The relevant section of our crushmap:

rule .rgw.buckets {
        ruleset 1
        type erasure
        min_size 7
        max_size 9
        step set_chooseleaf_tries 5
        step set_choose_tries 250
        step take default
        step chooseleaf indep 0 type host
        step emit
}

Dump of stuck pgs:

ceph pg dump_stuck
ok
pg_stat state   up      up_primary      acting  acting_primary
33.151d active+undersized+degraded+remapped+backfilling [424,546,273,167,471,631,155,38,47]     424     [424,546,273,167,471,631,155,38,2147483647]     424
33.6c1  active+undersized+degraded+remapped+backfilling [453,86,565,266,338,580,297,577,404]    453     [453,86,565,266,338,2147483647,297,577,404]     453
33.150d active+undersized+degraded+remapped+backfilling [555,452,511,550,643,431,141,329,486]   555     [555,2147483647,511,550,643,431,141,329,486]    555
33.13a8 active+undersized+degraded+remapped+backfilling [507,317,276,617,565,28,471,200,382]    507     [507,2147483647,276,617,565,28,471,200,382]     507
33.4c1  active+undersized+degraded+remapped+backfilling [413,440,464,129,641,416,295,266,431]   413     [413,440,2147483647,129,641,416,295,266,431]    413

This problem initially arose when we suffered three successive disk failures on the same host and removed the OSDs from the cluster ('out' + 'crush remove' + 'auth del' + 'osd rm').
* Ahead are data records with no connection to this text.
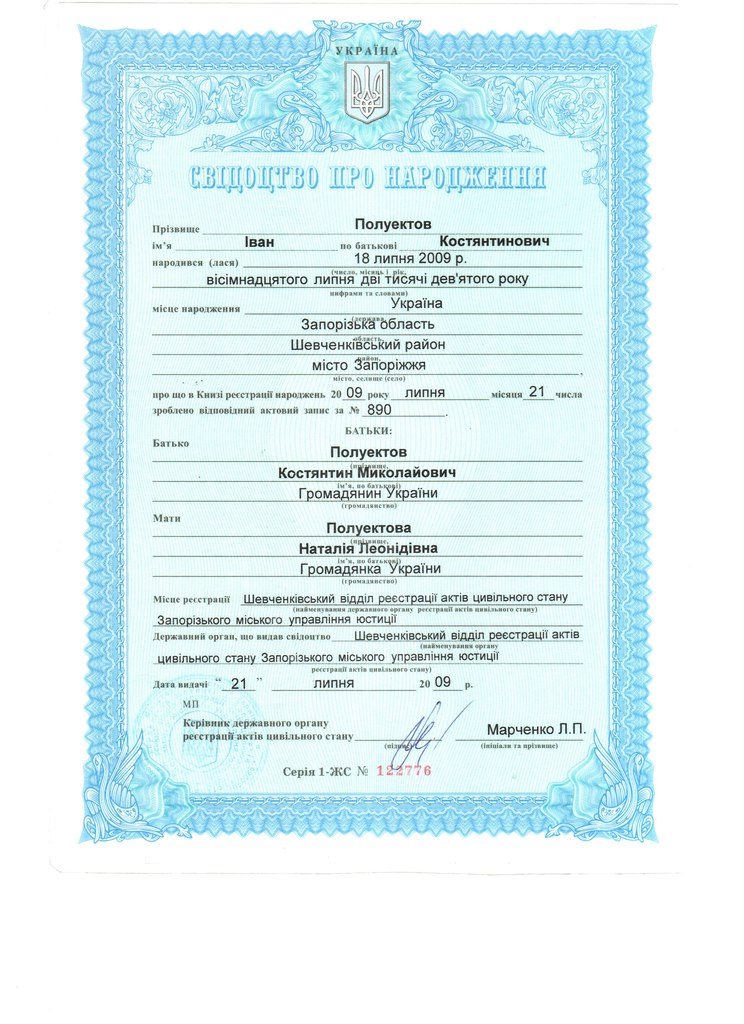 Полуэктов Иван 18.07.2009 года рождения
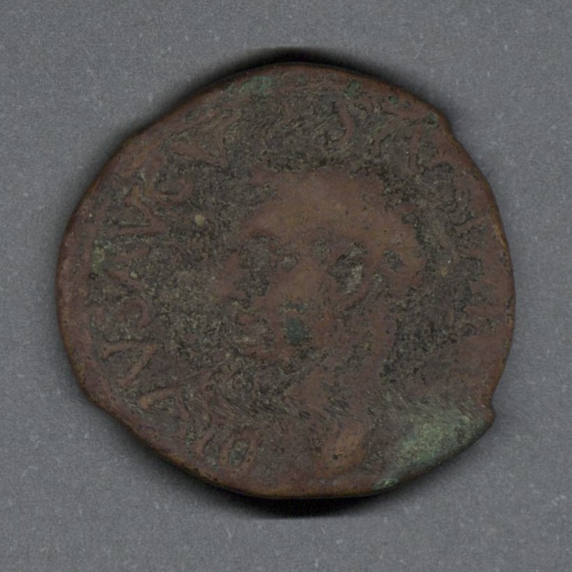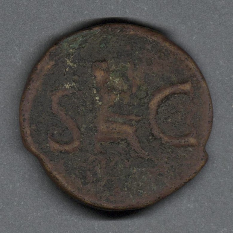Moneda acuñada por el emperador Tiberio, en honor al emperador Augusto divinizado, mediante aprobación del Senado. Anverso con el busto radiado del emperador Augusto mirando a la derecha, arriba una estrella y delante, un rayo; leyenda "DIVVS AVGVSTVS PATER" y borde de puntos. Reverso con una mujer drapeada y velada sentada a la derecha, sosteniendo una pátera y un cetro, leyenda "S C" y borde de puntos. Fabricada por acuñación a martillo, peso de 9,5 gr.
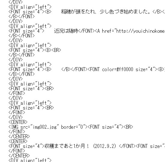 ついに更新しました。 田植え後1週間から、一気に収穫ひと月前です。 実は、昨年から不調気味だったパソコンが壊れて、 新調したのですが、ホームページソフトが古すぎて 使えない事態に陥っておりました。 さらに使っていたソフトも絶版で、新しいものでは 現在のホームページを読み込めないとのこと。 そこでこのたび、ついに、タグ打ちにて更新する 決意をいたしました。原始的! タグ打ちって、わかります? ↑こういう状態ですよ。 画像や文字を「HTML」という言葉で指定する方法です。 久しぶりにやりましたが、けっこう燃えます。 これからしばらく、コレでいきます。 今日のひとこと 計画的な更新って、大切なんですね。 渡部要一の米のホームページもご覧ください。
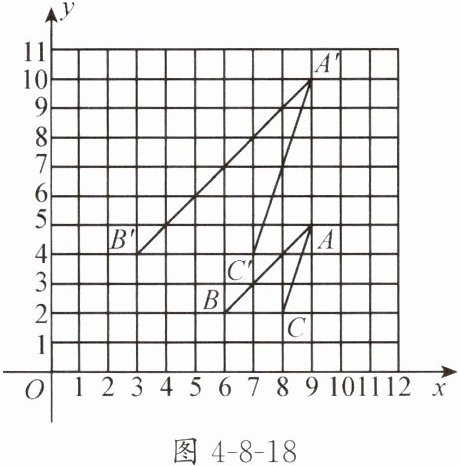 1. 如图 4-8-18,$\triangle ABC与\triangle A'B'C'$是位似图形,且顶点都在格点上,则位似中心的坐标是
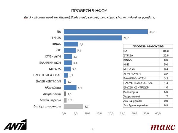 Στην πρόθεση ψήφου η ΝΔ συγκεντρώνει ποσοστό 35,7% έναντι 24,7% και αποτυπώνεται επτακομματική Βουλή καθώς ποσοστά πάνω από 3% έχουν ΜέΡΑ 25, Ελληνική Λύση και Χρυσή Αυγή.
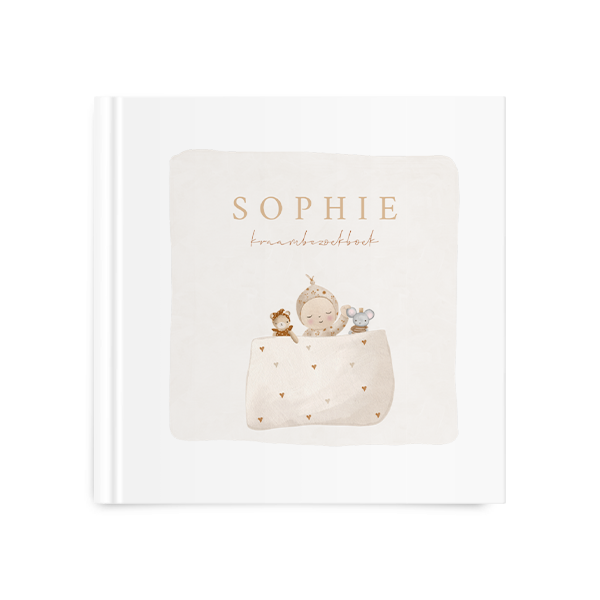 Een schattig kraambezoekboek voor jouw kindje. De kaft heeft een beige kader met in het midden een illustratie van een baby onder een hartjes deken. Pas het ontwerp naar wens aan in onze online editor.
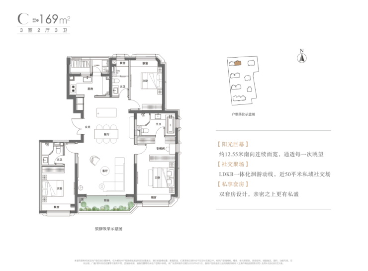 据悉,项目可售商品房预计共174套,另有22套保障房。主力户型有两个:建面约120㎡3房、建面约143㎡4房,预计二季度入市。
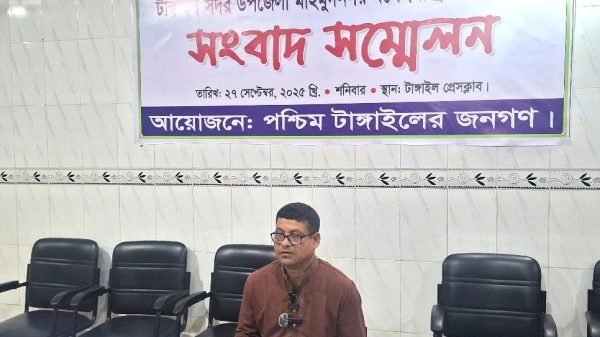টাঙ্গাইল সদর উপজেলার মাহমুদনগর ইউনিয়নে ধলেশ্বরী নদীতে ব্রিজ নির্মাণের দাবিতে সংবাদ সম্মেলন অনুষ্ঠিত হয়েছে। শনিবার (২৭ সেপ্টেম্বর) দুপুরে টাঙ্গাইল প্রেসক্লাবে স্থানীয় বাসিন্দা জাহাঙ্গীর আলম এ সংবাদ সম্মেলন করেন। লিখিত বক্তব্য
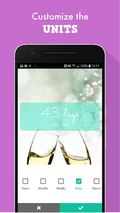 It's fun!, Wedding Countdown can countdown your wedding in many different units! Years, Months, Days, Hours, Minutes, Seconds, Heartbeats or Kisses!
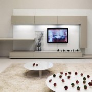 Говоря о мебели, то в большей степени важно ее оформление: приветствуется использование светлых тонов и ламинирования – в гостиную прекрасно впишутся небольшие стенки, тумбы или полки с глянцевым блеском. Некоторая часть корпусной мебели может быть выполнена с применением особо прочного стекла и хромированных деталей. Мягкая мебель имеет преимущественно однотонную обивку, причем она может быть как тканевой, так и кожаной. Стулья или кресла могут быть изготовлены из пластика (в том числе прозрачного). Отличным декором гостиной в Хай-тек может стать интересное кресло необычной формы или оригинальный журнальный столик.
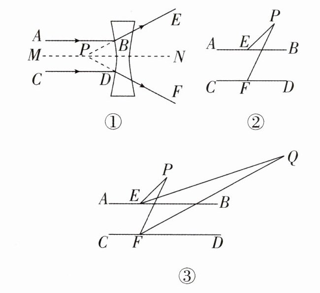 如图①,小明同学在做光的折射实验时发现:平行于主光轴$MN的光线AB和CD$经过凹透镜的折射后,折射光线$BE$、$DF的反向延长线交于主光轴MN上一点P$。
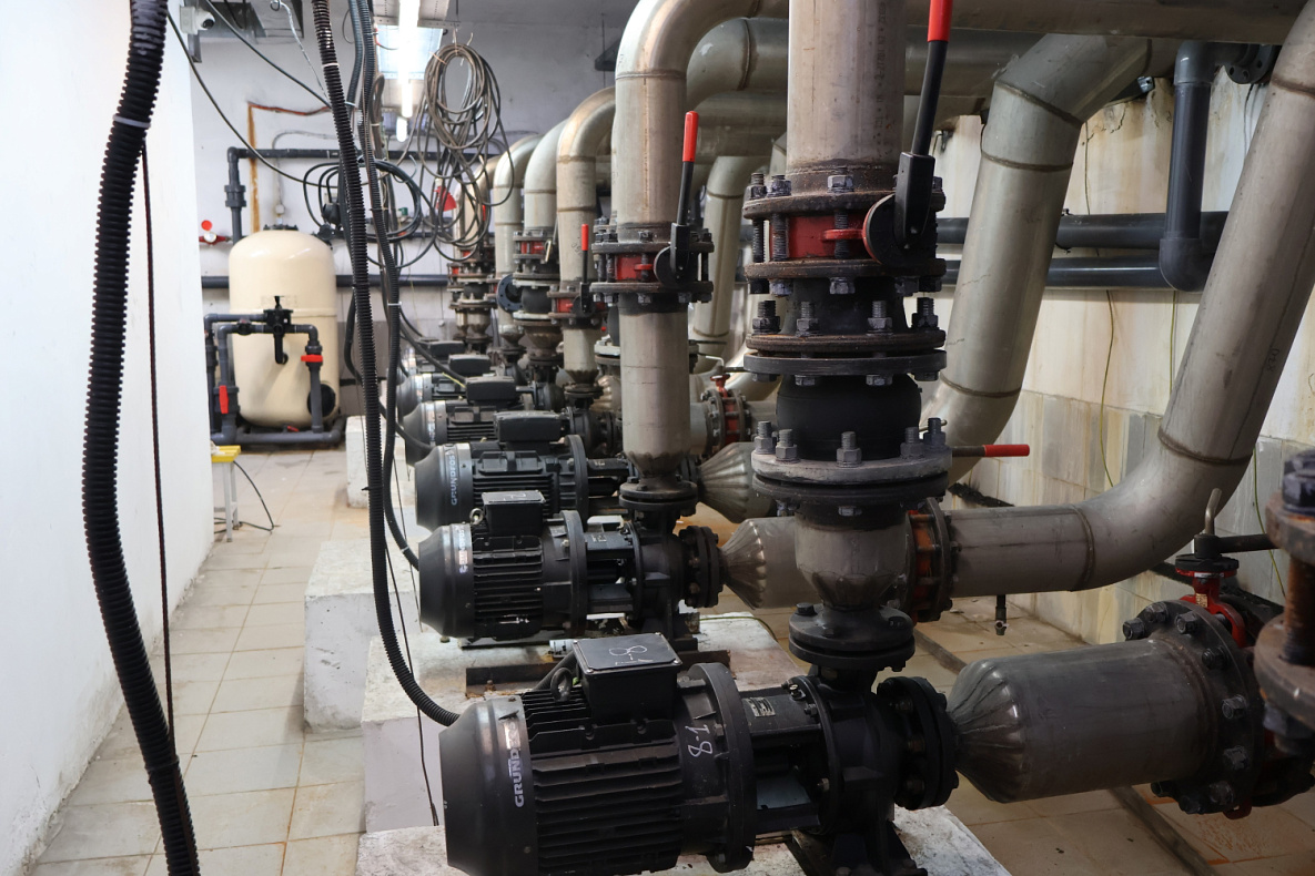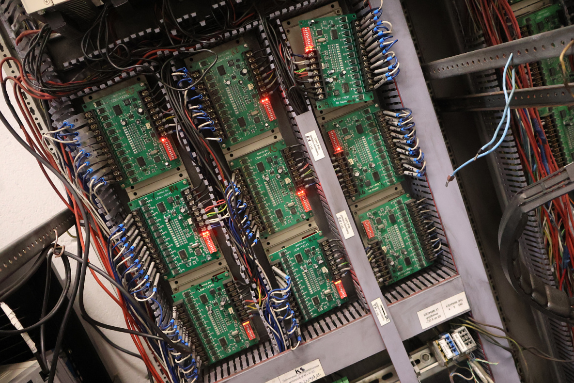 Спускаемся по железной лестнице на шесть метров под землю. Бетонная комната, в ней 12 шкафов, наполненных электроникой. Именно они обеспечивают автономную работу фонтана. То есть, человеческого вмешательства он не требует: сам «просыпается», отрабатывает заданную программу, и «засыпает». Система позволяет настроить высоту струй в зависимости от режима, синхронизирует их с музыкой, создает схему их движения. Ручная перезагрузка и установка параметров потребуется только после отключения электроэнергии.
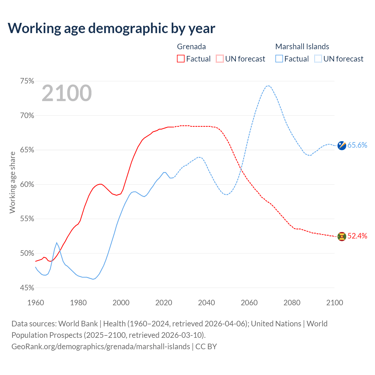 - Grenada has 80.2K working age adults (aged 15-64) vs 21.3K in the Marshall Islands.
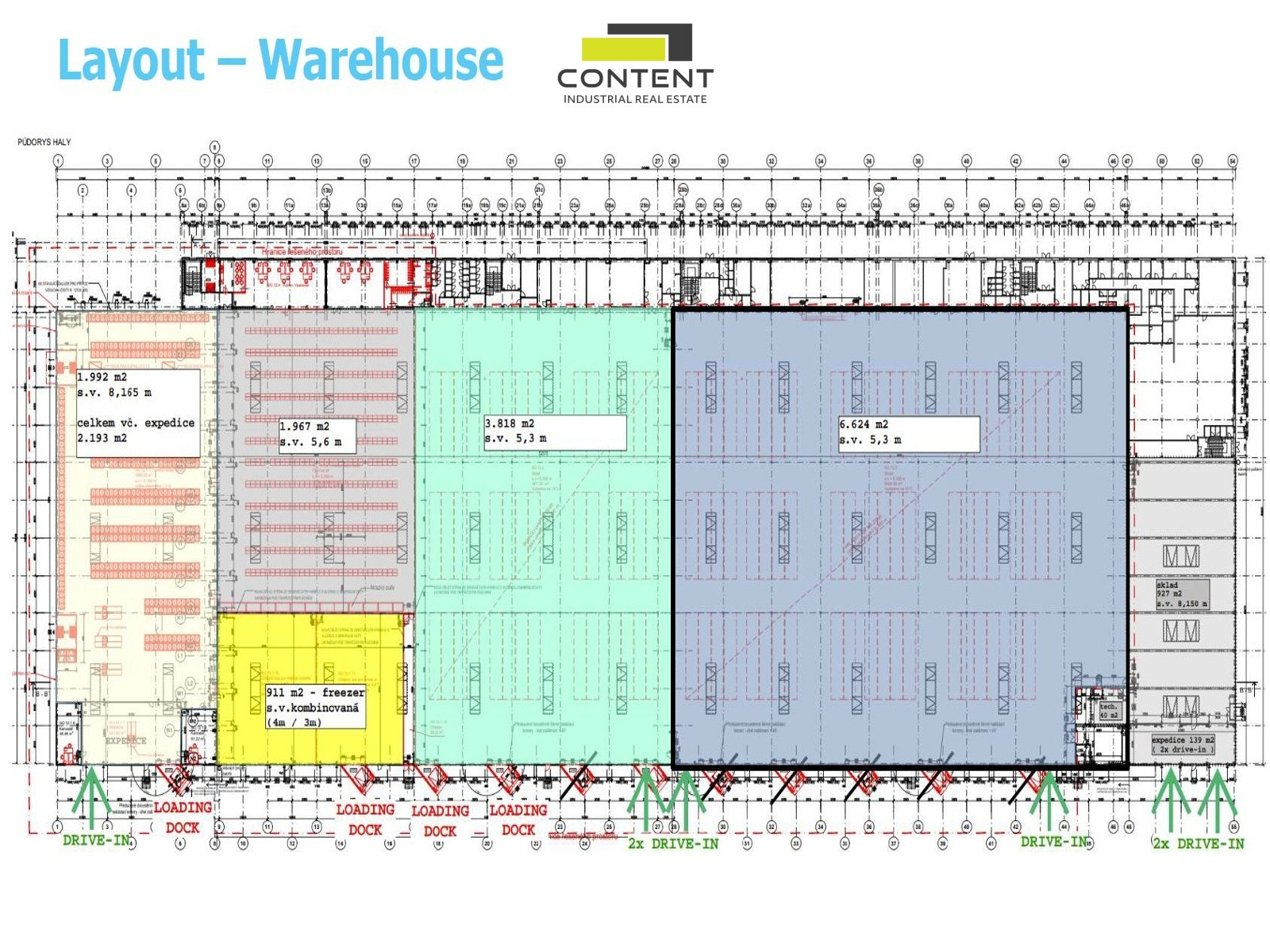 - sociální zázemí a kanceláře jsou k dispozici v rámci objektu, dle specifikace nájemce až 6000 m²

We reached this state after a day of rebalancing and were stuck here for a few weeks. We replaced the disks last week and allowed the cluster to backfill and rebalance data to the new OSDs, but we became stuck on the same five pgs. All of the 'stuck' backfills are against OSDs on the host that lost then regained disks (node 07).

What I've tried:

  • Increased set_choose_tries from 50 to 250 in steps of 50 (crushtool testing showed mapping issues that should be satisfied at 100, but we continued changing the value up in hopes that it was a mapping error)
  • Restarted the backfilling OSDs on node 07
  • Restarted the leader OSDs
  • Marked the leader OSDs down to force peering

On the advice of Sam Just, I cranked up logging (--debug_ms 1 --debug_osd 20 --debug_filestore 20) on all OSDs across the five pgs and marked the leaders down. To keep noise to a minimum, I stopped all RadosGW instances prior to turning up debugging. I kept debugging on until the cluster returned to all pgs active+clean except for the five above.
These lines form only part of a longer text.